Carlos: Could you please describe your the fertilization and maintenance routines you use on your various aquaria? What liquid and base fertilizer brands gives you the best results? How often are water changes performed, and how much?

_Eric: I usually perform water changing once a week, just 1/3 of the tank volume. I mostly add some ADA products afterwards, such as Brighty K, Green Brighty Special Lights, Step 2, ECA and Tropica TMG. Those products are really good supplements for growing healthy plants. I also like to use ADA Aqua Soil Amazoma as base fertilizer because it is compatible to many kinds of aqua plants. _

Carlos: Most of the layouts you present seem to have a lot of Japanese influence, conveying an atmosphere reminescent of a lot of Japanese entries in the ADA contest. Do you tend to use these as a source of inspiration?

_Eric: I totally agree that my layout creation is influenced by Japanese style, especially, Takashi Amano. He is fantastic; the conveying of his presentation is natural, smooth and non-artificial, just like real scenery in front of me. I hope that I could learn more from that, and then inspire me to have new ideas for my layouts in the future. _

Carlos: What are you usually trying to recreate in your aquascapes? A natural or idealized landscape like a mountain range? A biotopic underwater scene like from a lake?

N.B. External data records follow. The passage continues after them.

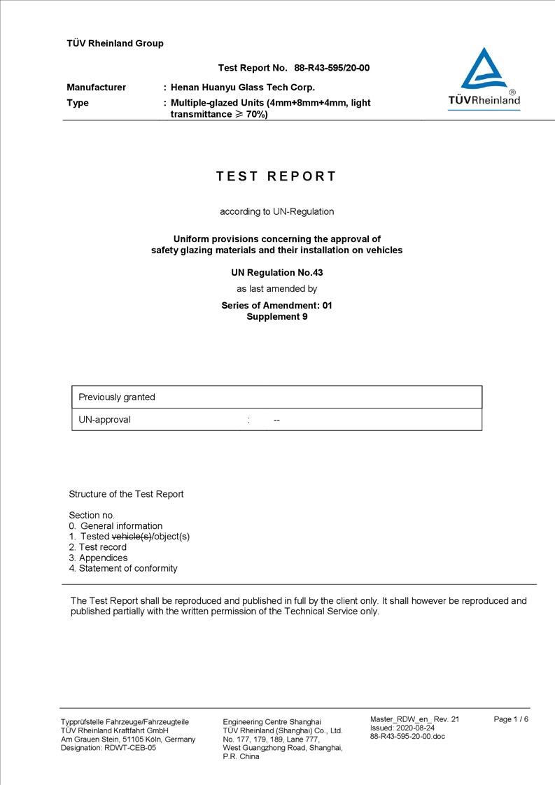 河南環(huán)宇玻璃科技股份有限公司年產(chǎn) 5 萬平方米驗(yàn)收?qǐng)?bào)告公示
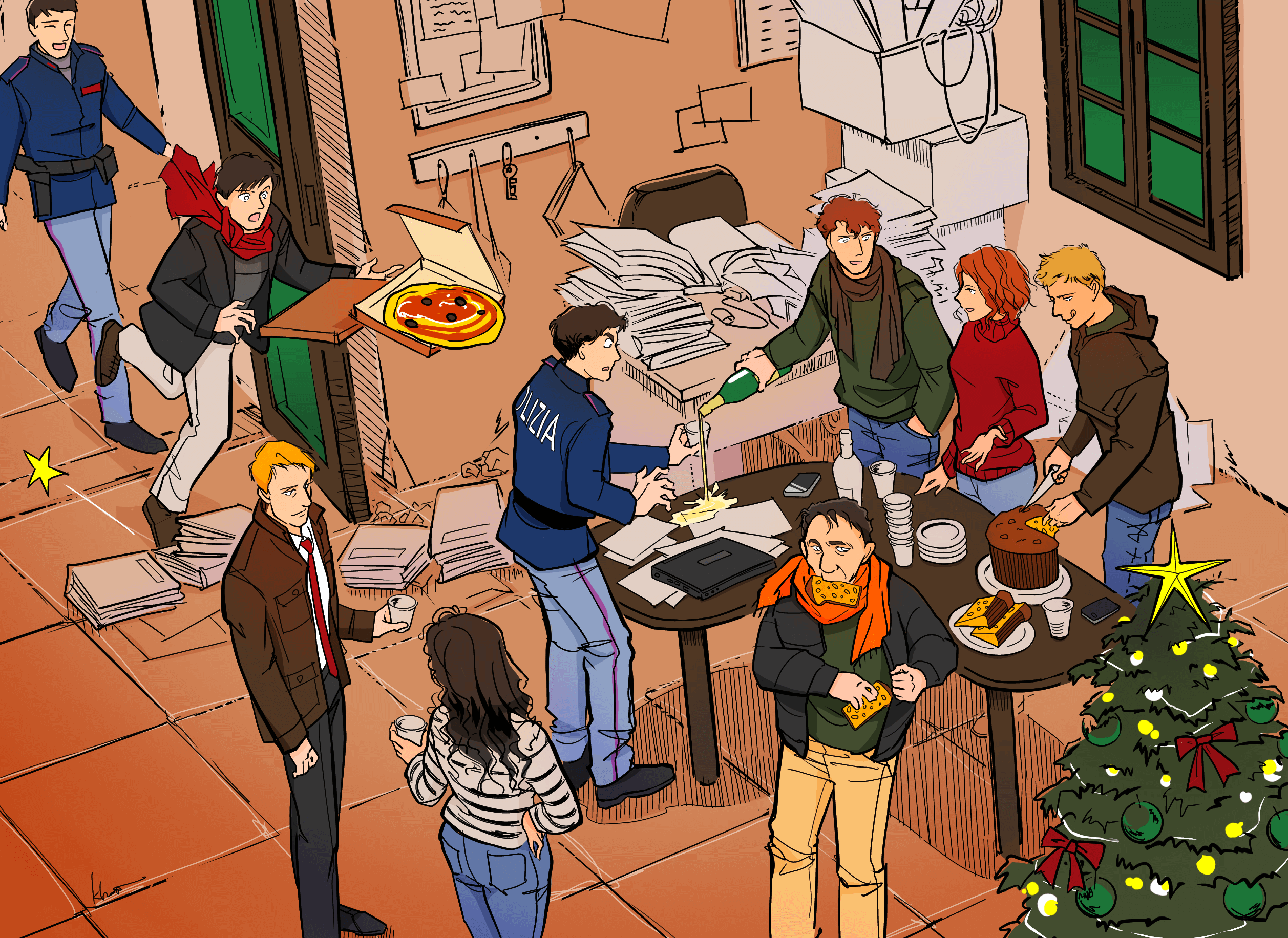 あ、一年越しの続きですね(笑)背中にPOLIZIAって書かれてると、本場って感じがしますね。誰かさんがパネトーネ懐に入れようとしてたり、ワイン滝になってたり、細かいお仕事がいいですね。隅々まで見てしまいます。
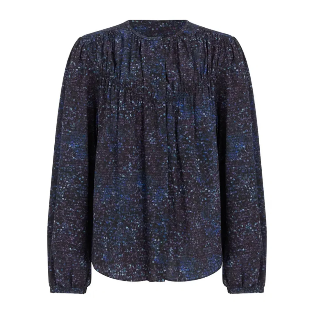 Sally button down blouse - dark purple - scattered print - round neck - Silk 91%, Elastane 9%
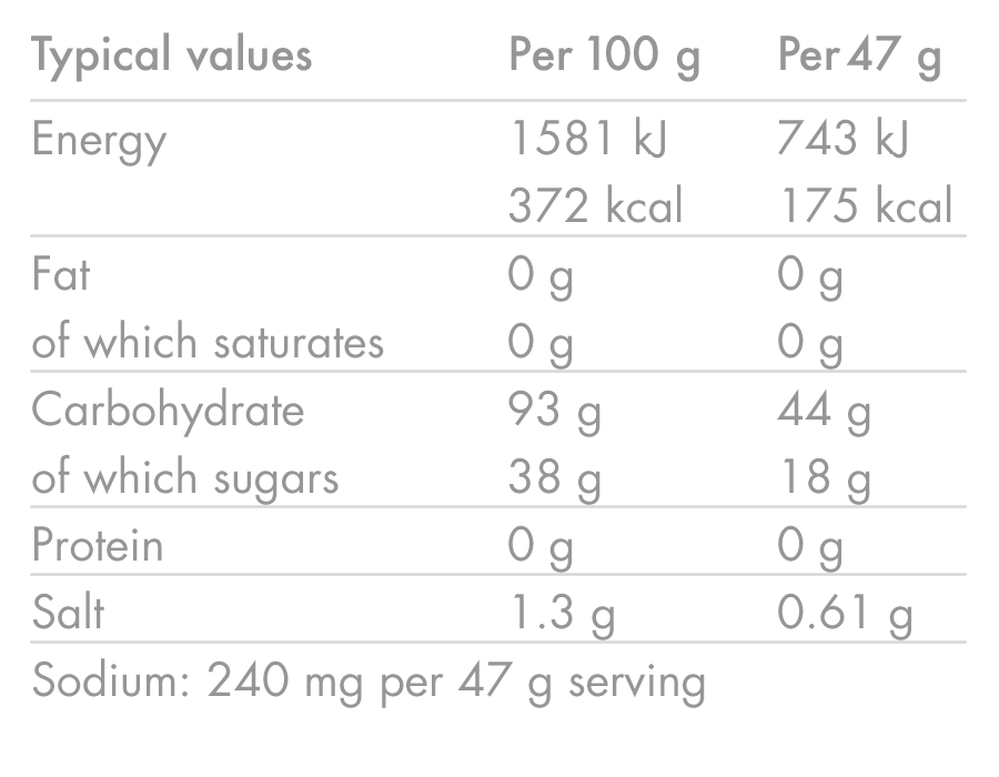 • 2:1 maltodextrine/fructose Langere energie, betere spijsverteringstolerantie.
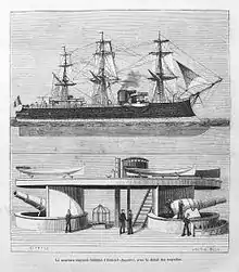 The keel for Amiral Duperré was laid down at the Société Nouvelle des Forges et Chantiers de la Méditerranée shipyard in La Seyne-sur-Mer outside of Toulon in January 1877. She was launched in September 1879 and fitting-out work was completed by 1883.[4] The ship thereafter served in the Mediterranean Squadron. On 2–3 March 1886, she took part in experiments with torpedo boats to determine the effectiveness of various attack angles. Later on the 3rd, Amiral Duperré and the ironclads Colbert, Friedland, Redoutable, Suffren, and Dévastation conducted shooting practice using the old ironclad Armide as a target. They fired at a range of 2,700 to 4,600 m (3,000 to 5,000 yd) and scored 22 percent hits with cast iron practice shells, though they conducted the test under unrealistic conditions, with Armide anchored in a calm sea.[7][8] The year's large-scale maneuvers were held off Toulon from 10 to 17 May, and they tested the effectiveness of torpedo boats in defending the coastline from a squadron of ironclads, whether cruisers and torpedo boats could break through a blockade of ironclads, and whether a flotilla of torpedo boats could intercept ironclads at sea.[9]
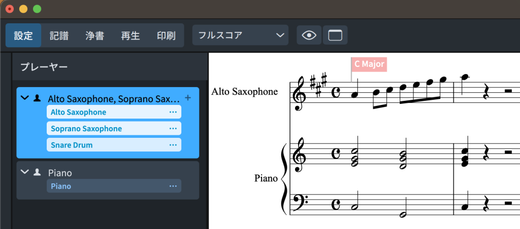 今回はプレーヤーに楽器を複数持たせて、持ち替えを表記する方法をご紹介しました。
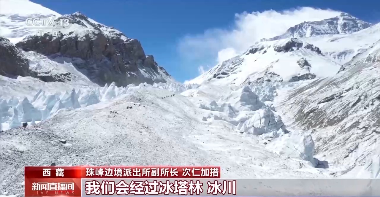 珠峰邊境派出所副所長 次仁加措:往里走的話我們會(huì)經(jīng)過冰塔林、冰川,穿越碎石灘,整個(gè)路途我們會(huì)花費(fèi)8到12個(gè)小時(shí),途中經(jīng)過老大本營,那個(gè)地方是最危險(xiǎn)的路段。
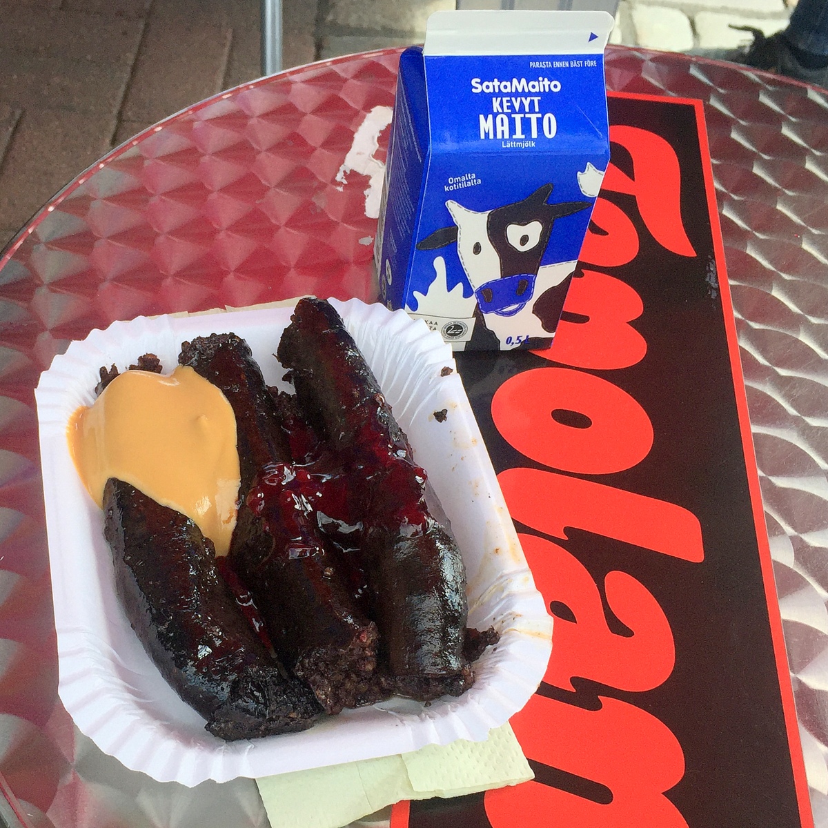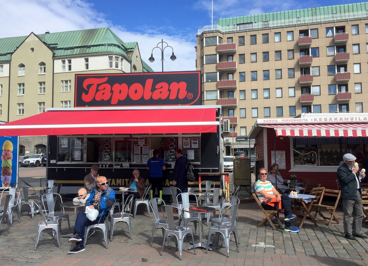 Lounasristeily lähti Laukontorilta ja saavuimme rantaan sen verran ajoissa, että ehdimme näkemään Tapolan kioskin torilla ja muutamia annoksia mustaa makkaraakin. Onneksi olimme menossa lounaalle, joten ei ollut kiusausta maistaa tätä paikallista herkkua …
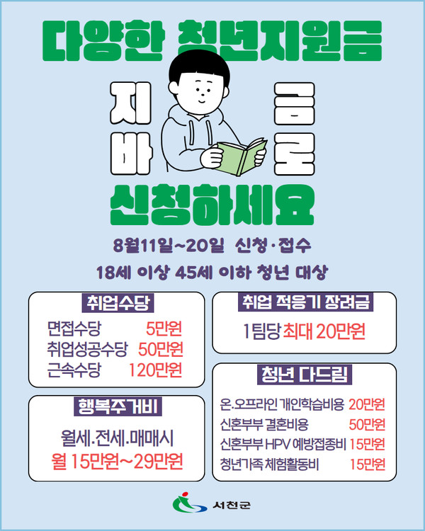 서천군은 청년들의 취업 적응 및 안정적인 지역 정착을 돕기 위한 각종 청년 지원사업에 대해 신청을 받는다고 밝혔습니다.
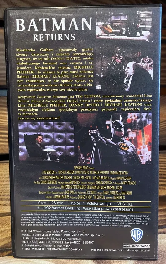 Rok 1994 to już czasy nowego dystrybutora na naszym rynku – Warner Home Video Poland Sp. z o.o. Jednymi z pierwszych wydań WHV w Polsce były Powrót Batmana (tym razem wydany już oficjalnie w marcu tegoż roku) oraz animowany Batman: Maska Batmana. Film Tima Burtona otrzymał bardziej profesjonalną okładkę oraz nowe tłumaczenie autorstwa Tomasza Beksińskiego czytane przez Leszka Sznytera. Batman: Mask of the Phantasm również trafiło do sprzedaży w wersji z lektorem (udźwiękowienie: Paanflim Studio Warszawa, tekst: Jacek Mikina, czytał: Maciej Gudowski). Oba filmy wydano w standardowych opakowaniach o wymiarach 20,1 x 12 x 2,9 cm.
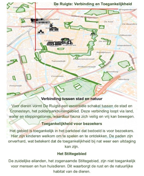 Een van de informatiedocumenten gaat over de verbinding tussen De Ruigte en het buitengebied. Het spoor naar Cronesteyn is aan beide zijden afgezet met groene spoordijken. Ondanks de bruggen en het station Lammenschans is er een groene strook van minstens 15 tot 20 meter breed, waardoor dit een sterke ecologische verbinding biedt naar het centrum van Leiden, zelfs lopend voor landdieren.

Do you incorporate any particular aquascaping techniques frequently in your layouts to achieve the emotion or idea you are trying to convey?

_Eric: My dream aquascape is a natural one, and I always believe that keeping it simple is best. All of my layouts are not complicated. It is easier for me to handle and design, which makes me achieve what I want more easily. For me, I think that the most important technique is pruning. Because I am a hair stylist, I am more sensible about pruning and layering. I always apply these skills to aquascaping._

Carlos: How do you manage to get the tetras and other characins in your layouts to school so tightly for a photo? Any tips or is it mostly patience?

_Eric: Firstly, let those little tetras get used to their living environment. When shooting photos, spending time to wait is a must. Or you can try to control them by using turning on and off the light, making them swim in the same direction._

Carlos: What are your main goals when setting up a new tank?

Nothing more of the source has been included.